Figure 5Scatterplot between serum levels of IL-33 and eSOD activity (A) and MDA (B), serum levels of sST2 and eSOD activity (C) and MDA (D), and between IL-33/sST2 ratios and MDA levels (E) in CHF patients. Serum levels of IL-33 were negatively correlated with eSOD activity and positively correlated with serum MDA contents (A and B). sST2 had a closer relationship with these oxidation markers (C and D). IL-33/sST2 ratios were slightly (but significantly) correlated with decreased MDA contents (E). Correlation coefficients were calculated by Spearman’s correlation analyses. Abbreviations are the same as those shown in Tables 1 and 2.
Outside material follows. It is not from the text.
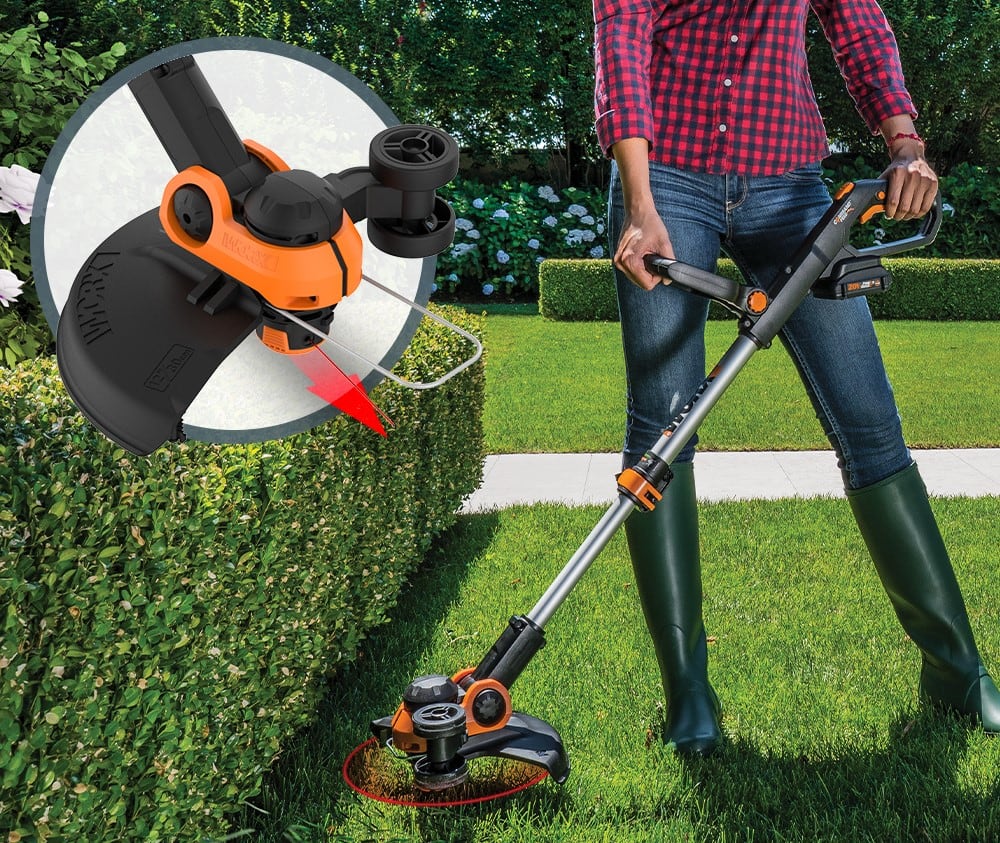 You get two batteries and 2-tools-in-1 when you buy the Worx 12”-20V Grass Trimmer/Edger. Plus, this model comes with a 1-hour quick charger, so you’ll always have more than enough juice to get lots of trimming and edging done, and you can keep your other Worx tools charged and ready to go, too. Switch from an edger to an in-lined wheeled edger with just the turn of the head. The dual rubber wheels keep your edges smoot and straight and make this tool easier to push along than other edgers. It’s only 5.3 lbs, and the adjustable handle and ergonomic grip make this tool comfortable to use all afternoon. The 12” cutting diameter is wide enough to give you smooth, full passes, but it’s not too large so that you can still trim in-between trees and landscaping. A 10-foot spool of the innovative DNA2 DoubleHelix line is included. This string has been engineered with a specially designed aerodynamic, oval shape that reduces drag and slices through grass for a crisp, clean cut. And with over 100 lbs of tensile strength, it lasts longer and performs better than other trimmer string. Not only is this a multi-functional grass trimmer and edger, but because it comes with 2 batteries and a quick charger, you can make it a tool to grow an entire collection around. These batteries power every tool on the Worx Power Share platform, so the next time you buy a cordless Worx tool, you probably won’t need to buy another battery.

Figure 6Recombinant human IL-33 dose-dependently reduced MDA contents (A, n = 6) and increased SOD activity (B, n = 6) in Ang II-stimulated AC16 cells, which could be dramatically attenuated by sST2. Data are the mean ± SEM. All results were from three independent sets. Statistical analyses were undertaken using one-way ANOVA with the Tukey post-hoc test for multiple comparisons. The paired t-test was used to compare values for samples with and without sST2 (10 μg/ml). *, P < 0.05 versus Ang II+PBS; §, P < 0.01 versus 1 ng/ml IL-33; ¶, P < 0.05 versus 5 ng/ml IL-33; ‡, P < 0.05 versus 10 ng/ml IL-33. Abbreviations are the same as those shown in Table 1.